Experiments with perceptrons for entity resolution, modelled as binary classification. Currently includes:
- A simple single-layer perceptron for classifying the classic Iris dataset.
- The same perceptron adapted to the toy entity resolution task of matching a noisy dataset to its clean version.
This project is heavily based on examples from the excellent book Python Machine Learning, 3rd Edition, by Sebastian Raschka.
# 0) Setup (create venv, install deps, enable pre-commit)
python -m venv .venv
# Git Bash: source .venv/Scripts/activate
# PowerShell: .venv\Scripts\Activate.ps1
# cmd.exe: .venv\Scripts\activate.bat
pip install -e ".[dev]"
pre-commit install
# 1) (Optional) Sanity-check with the classic Iris demo
python scripts/train_and_run_iris_perceptron.py
# 2) Generate a small synthetic people dataset (deterministic with Faker)
python scripts/make_toy_clean_dataset.py # -> data/toy_people_clean.csv
# 3) Create a noisy “duplicate” copy + alignment labels
python scripts/make_noisy_copy.py # -> data/toy_people_noisy.csv, data/toy_labels.csv
# 4) Train a perceptron for entity resolution (Levenshtein similarity features)

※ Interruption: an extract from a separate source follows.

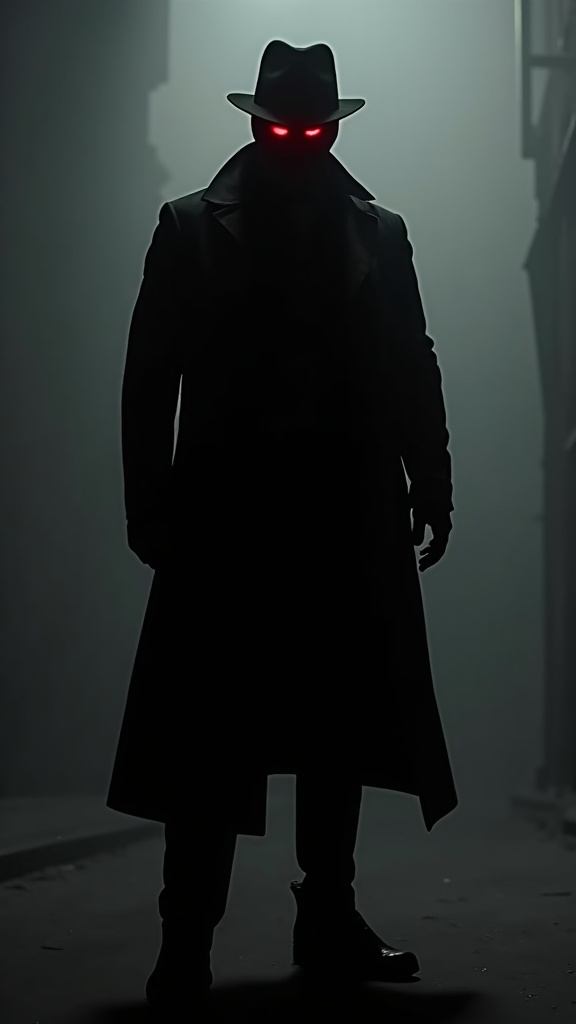 Supervillain. Horror, darkness. A shadow being. Everything on him is completely darkness, except for his eyes. His eyes are glowing red . He has no facial features or human skin, they are {{shadow}}. He appears to wear a fedora, a long black trenchcoat, a black suit and shoes. Bright light will make him turn solid, but he can become 2-Dimensional in the dark. His size and shape vary on who sees him, but he usually appears tall and thin. full body pose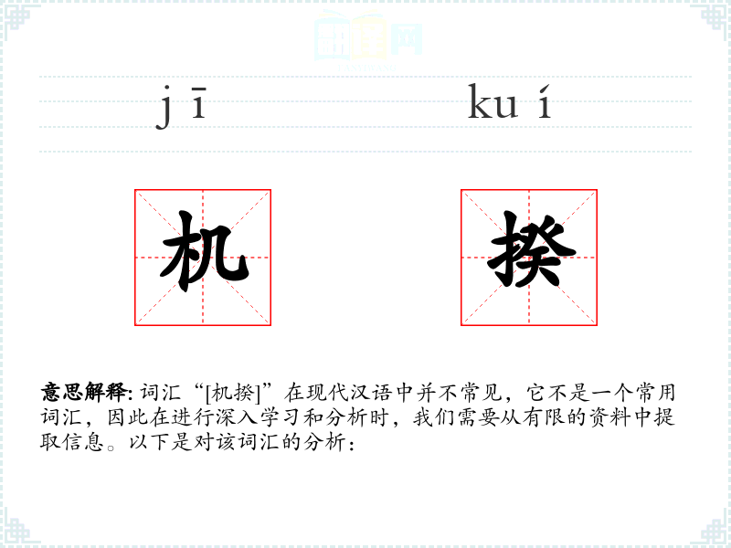 词汇“[机揆]”在现代汉语中并不常见,它不是一个常用词汇,因此在进行深入学习和分析时,我们需要从有限的资料中提取信息。以下是对该词汇的分析:

python scripts/train_linkage_perceptron.py --cols forename,surname,address,city,postcode
# -> saves model to data/models/linkage_perceptron.pkl and prints weights/updates
# 5) Score pairs with the trained model (writes a scored pairs CSV)
python scripts/run_linkage_perceptron.py # -> data/toy_scored_pairs.csv- Setup: Creates a virtual environment, installs the project and dev dependencies, and enables local pre-commit hooks.
- Iris demo (optional): Trains on two Iris features and produces three diagnostic plots (scatter, convergence, decision regions) to validate perceptron behaviour.
- Make toy data: Generates a small synthetic dataset (
toy_people_clean.csv) using Faker, seeded for reproducibility. - Make noisy copy: Introduces realistic errors (typos, case changes, postcode spacing, etc.) to create
toy_people_noisy.csv, along with alignment labels intoy_labels.csv. - Train entity resolution perceptron: Builds normalized Levenshtein similarity features for selected columns and learns a linear decision rule (weights + bias).
- Score pairs: Applies the trained model to all candidate pairs (the Cartesian product of clean and noisy data) and writes
toy_scored_pairs.csvwith scores and predictions.
Generated CSVs and model artifacts under data/ are ignored by git (see .gitignore). All scripts to recreate them live under scripts/.
Plotting helpers are kept in src/viz/plot.py.
Classic iris dataset outputs (code heavily borrowed from Raschka)
from viz.plot import plot_learning_curve
plot_learning_curve(ppn.errors_)
Shows convergence: number of weight updates per epoch.

from viz.plot import plot_decision_regions_2d
plot_decision_regions_2d(
X, y, classifier=ppn, feat_idx=(0, 1),
feature_names=("forename_sim", "surname_sim"),
)
Linear decision boundary learned by the perceptron on two Iris features.

from viz.plot import plot_decision_plane_3d
plot_decision_plane_3d(
X, y, classifier=ppn, feat_idx=(0, 1, 4),
feature_names=("forename_sim", "surname_sim", "postcode_sim"),
)
For models with 4–5 features, the decision boundary cannot be visualised in 3 dimensional Euclidean space. Current plan is to add a Principal Component Analysis (PCA) projection step and provide some meaningful plot using the reduced dimensions.
This project uses GitHub Actions for continuous integration.
Every push to main or develop (and all pull requests) trigger the CI workflow, which runs on multiple Python versions (3.10, 3.11, 3.12). The pipeline:
- Installs the package with development dependencies
- Runs ruff and black for linting and formatting checks
- Runs mypy for static type checking
- Executes the test suite with pytest
You can find the workflow configuration in .github/workflows/ci.yml.